The task: What you give back from the listing below should be an exact copy of the lines from the one with "Collocato all’interno di" down to the one with "- 프로세스보다는 가볍지만, 사용자", and it should contain no pictures.

Extracted entries:
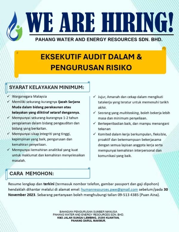 Iklan Jawatan Kosong Pahang Water And Energy Resources Sdn Bhd Like serta Ikut Facebook Kami, follow Chanel WhatsApp Jawatan Kosong & Telegram Portal SPA9 untuk capaian pantas kekosongan jawatan daripada kami sekarang.
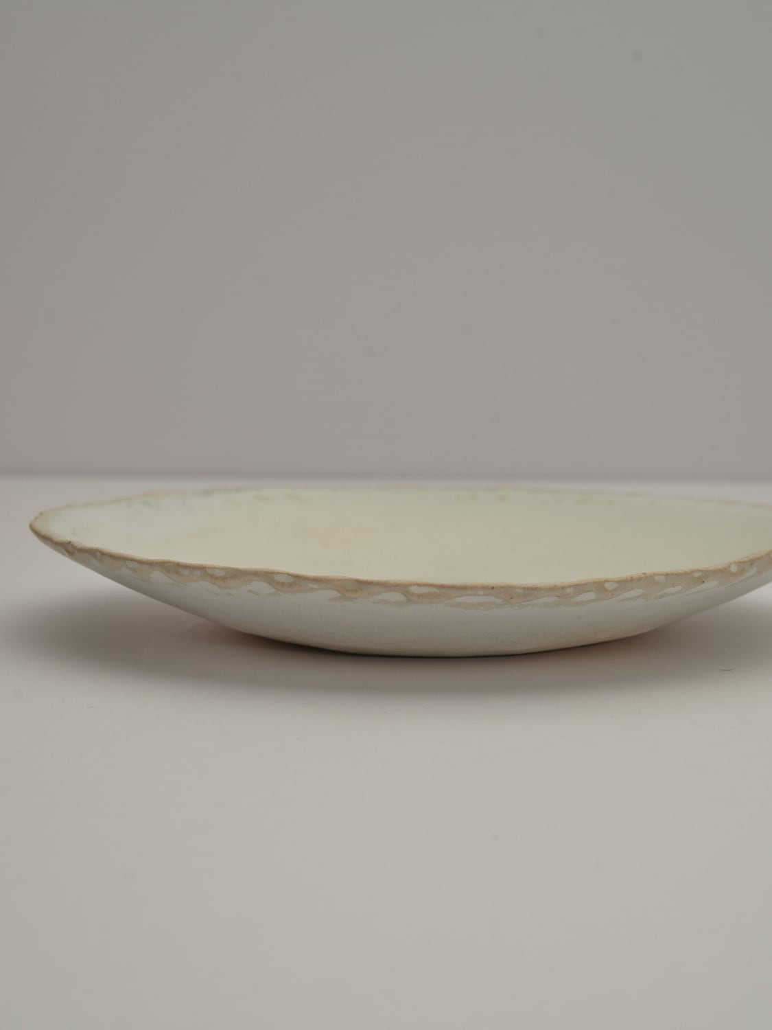釉薬、形どちらもとても柔らかい表現をされる五嶋穂波さんの作品。 素材 : 陶土 サイズ : 約 Φ21cm × H 3 cm 発送が年内は12月29日までです(土日除外)。その後は1月11日以降の発送となります。ご注意ください。また、サイズは若干の誤差が生じます。モニターの環境により実際の色と異なる見え方になる場合があります。ご理解の上ご購入ください。
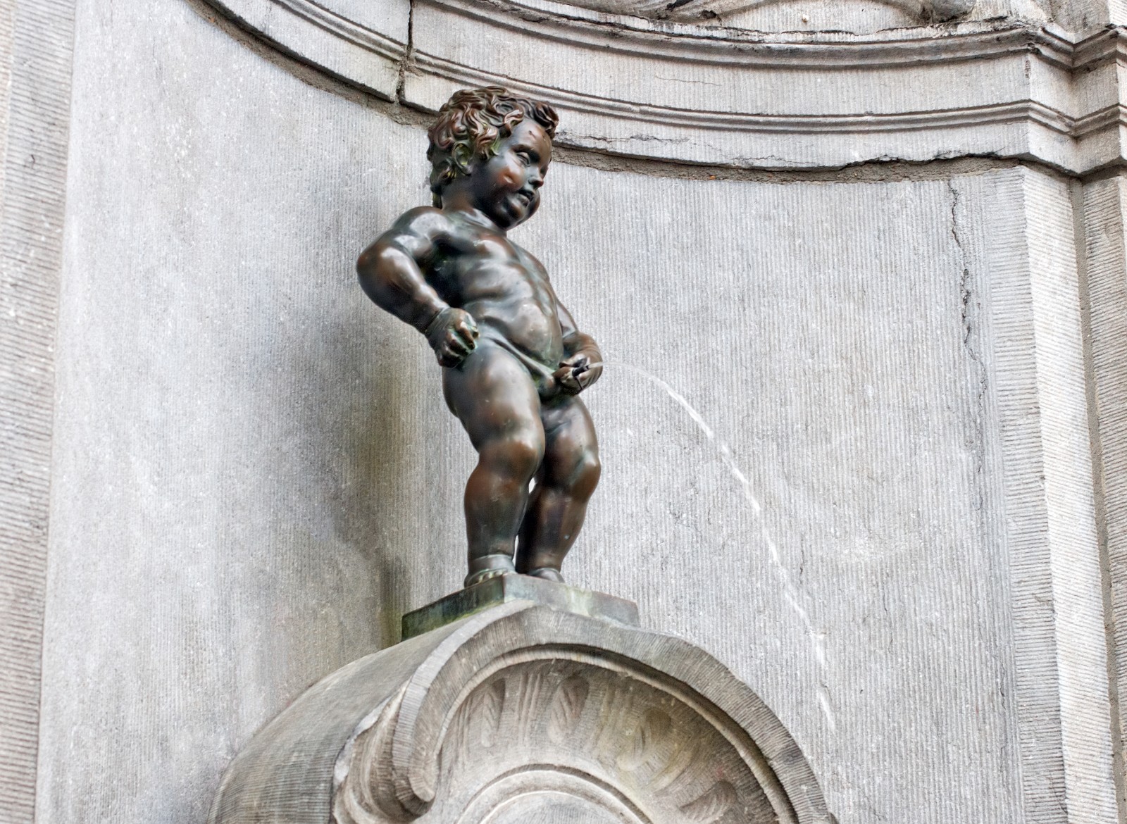 Collocato all’interno di una sontuosa nicchia in stile rococò, il Manneken Pis appare davvero minuscolo e, diciamo la verità, non è nemmeno una scultura di elevato valore artistico. Insomma sarebbe del tutto insignificante, se non fosse diventato nei secoli l’emblema dello spirito ribelle e irriverente della città di Bruxelles.
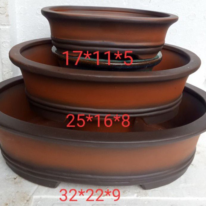 bộ 3 chậu gốm tử sa ovan
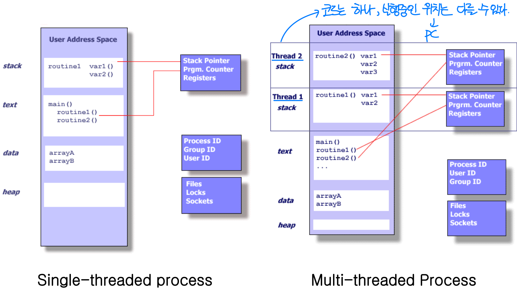 - 프로세스보다는 가볍지만, 사용자 스레드보다는 비용이 크다 (프로세스 > 커널 스레드 > 사용자 스레드)
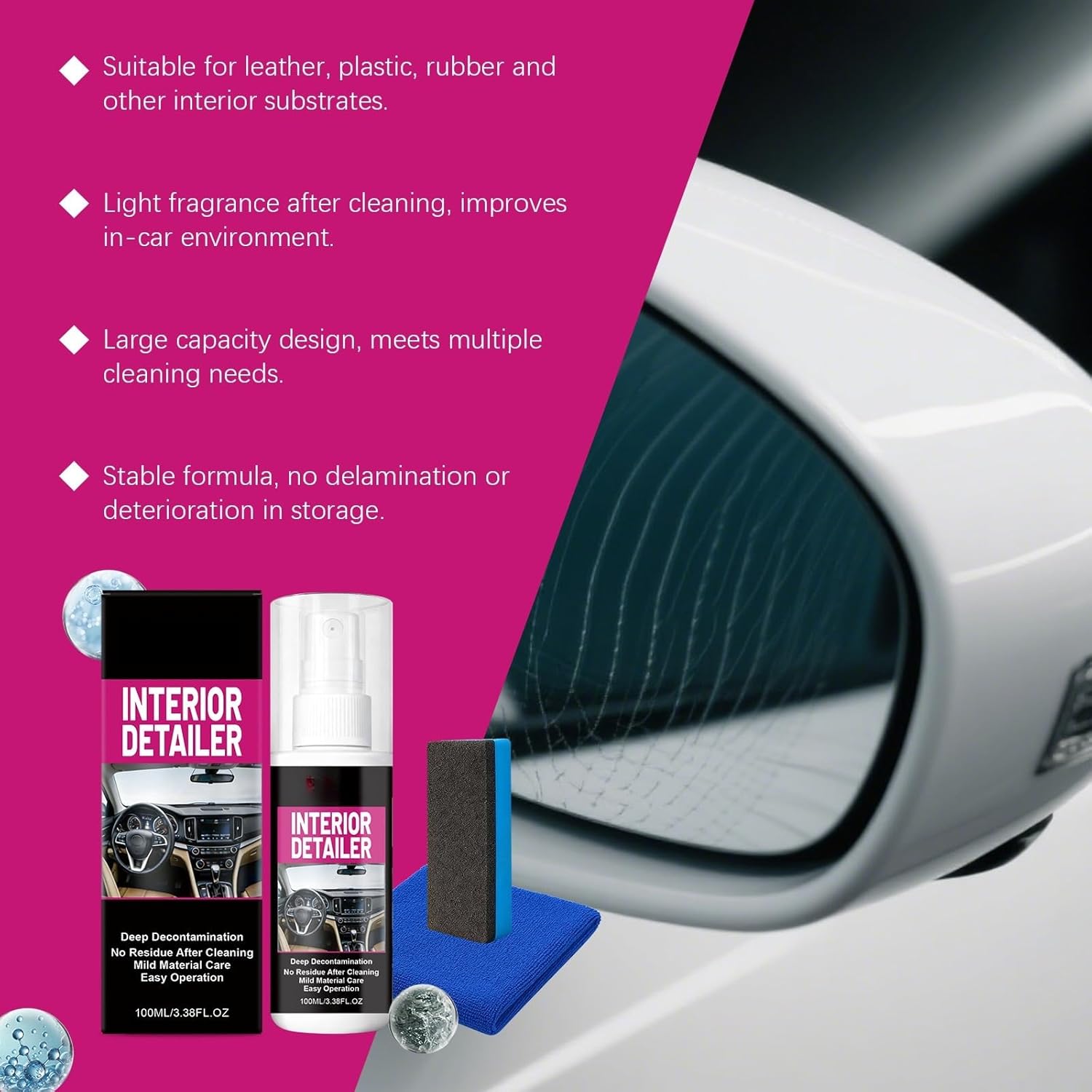 Our car interior cleaner is designed specifically for everyday car interior cleaning, aiming to provide car owners with a convenient and efficient cleaning experience.Product FeaturesThis cleaner features a user-friendly design, making it easy for even first-time users to use. Just three simple steps: Shake well before use to ensure even mixing; spray a small amount of cleaner onto the surface to be cleaned, ensuring the surface is pre-cleaned and free of impurities; gently wipe with a sponge to help remove dirt; finally, wipe dry with a towel for a clean finish.This product is suitable for all car interior materials, including leather, fabric, plastic, and other common interior surfaces, making it the ideal choice for cleaning your car. The gentle formula is suitable for daily use and helps keep your car interior clean and fresh for longer.Product dimensions: 4*4*14.9cm, Sponge: 3*1.5*7cm, Towel: 20*20cm
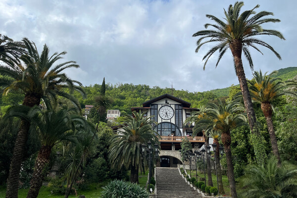 Если пойти от парка, заросшего бамбуком, акацией, пальмами — в общей сложности здесь высажено более 800 видов растений, — к колоннаде, в сторону Новой Гагры, то путь рано или поздно пойдет вдоль рядов санаториев и домов отдыха — восстановленных, выстроенных заново, строящихся. Иные поражают помпезностью сталинского ампира — сразу понимаешь, как отдыхали советские чиновники.
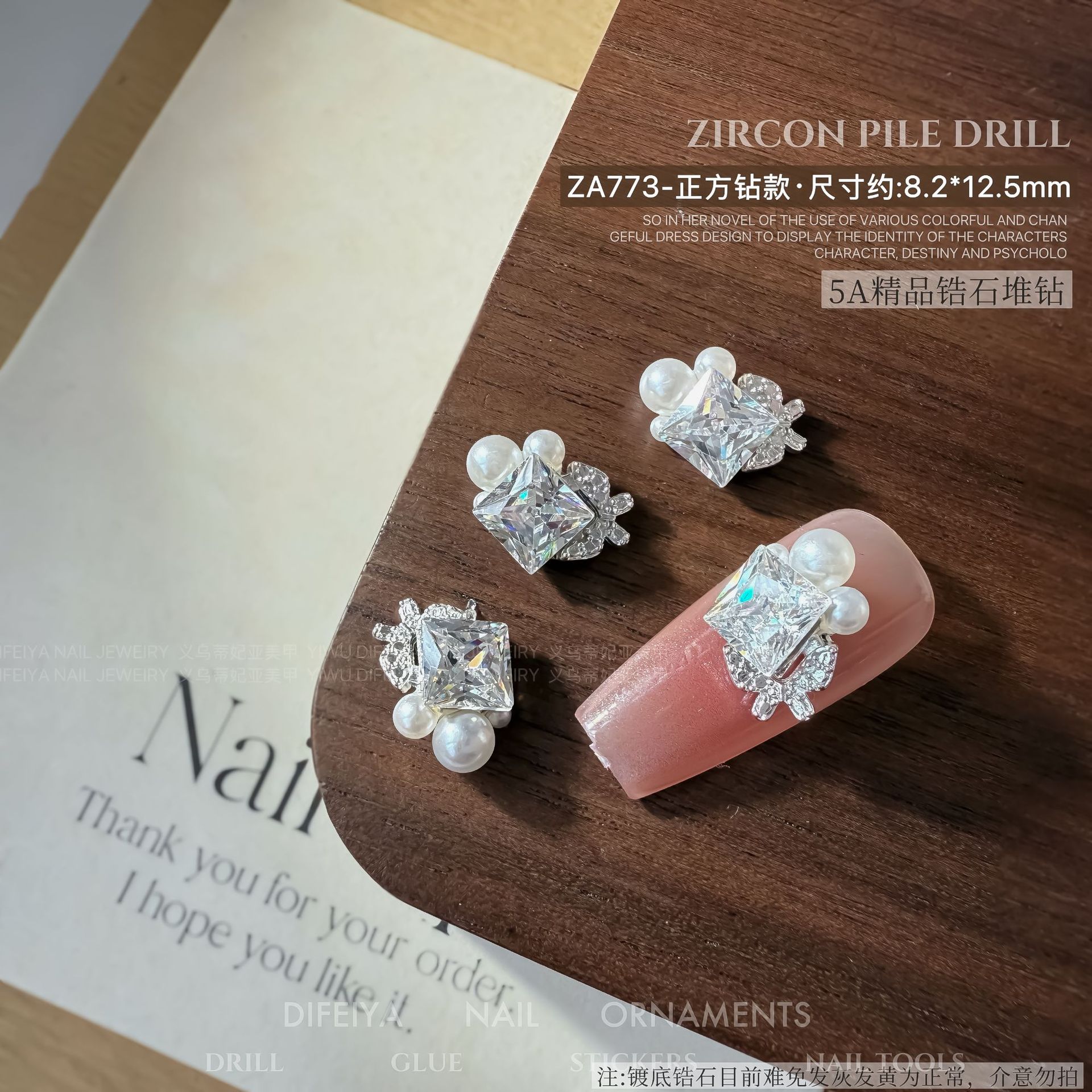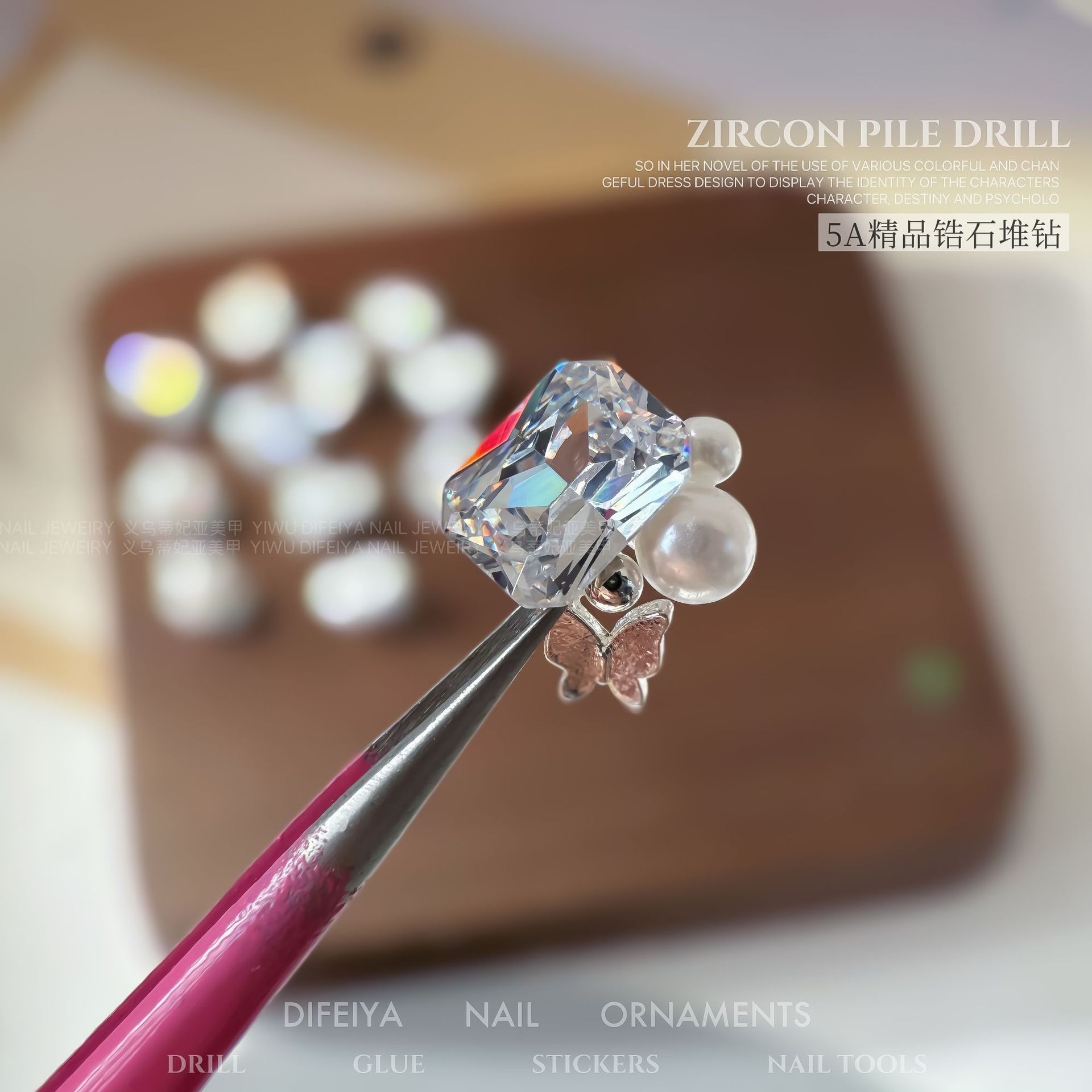 지르콘 더미 다이아몬드 네일 아트 쥬얼리 화이트 비둘기 계란 지방 스퀘어 다이아몬드 수제 더미 진주 나비 마무리 네일 드릴스토어 가기

Reply to the exercise:
 Collocato all’interno di una sontuosa nicchia in stile rococò, il Manneken Pis appare davvero minuscolo e, diciamo la verità, non è nemmeno una scultura di elevato valore artistico. Insomma sarebbe del tutto insignificante, se non fosse diventato nei secoli l’emblema dello spirito ribelle e irriverente della città di Bruxelles.
 bộ 3 chậu gốm tử sa ovan
 - 프로세스보다는 가볍지만, 사용자 스레드보다는 비용이 크다 (프로세스 > 커널 스레드 > 사용자 스레드)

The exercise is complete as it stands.